Official counts indicate that there were 52 airstrikes by Turkey in Assyrian-inhabited land, although the actual number is suspected to higher. Turkey, despite being a NATO member, has received international criticism for failing to take precautions to avoid civilian deaths and destruction of civilian territory. According to API, these airstrikes continue to force Assyrians off of their land and therefore severely restricting their livelihood. As primarily agricultural workers, Turkish airstrikes in northern Iraq make the land uninhabitable for Assyrian Christians, further diminishing the number of Christians remaining in Iraq. API cited the Assyrian village of Chalik as an example, where the population decreased from 70 households to six in recent years.

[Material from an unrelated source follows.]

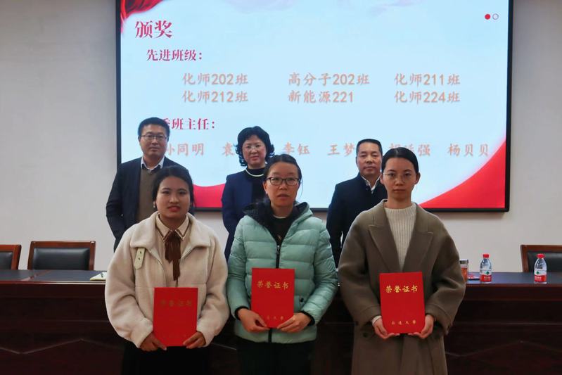 会上,与会领导分别宣读表彰名单并为获奖集体及个人颁奖。优秀班主任高分子202班班主任代表袁小磊发言,先进班级代表化师211李佳发言。学工办主任陈玥竹老师部署了2023-2024学年度学风建设工作。

Further exacerbating the issue, Iraqi and KRG forces inadequately respond to the threats against its people. Assyrians also have little faith or hope in their ability to do so. ICC’s joint report on Turkey cites one Assyrian as saying, “the PKK is trying to show a good picture. The only problem we have is that when the PKK comes near our villages, there are airstrikes because Turkey attacks them. In our village, people don’t know where Turkey will target. So, we don’t know where to go.” According to ICC’s report, Turkey fighting in northern Iraq entangles local Christians between two competing military groups. If Iraq’s Christians are to have any future, then it is essential that Turkey shows leadership in pursuing human rights for ethnic and religious minorities.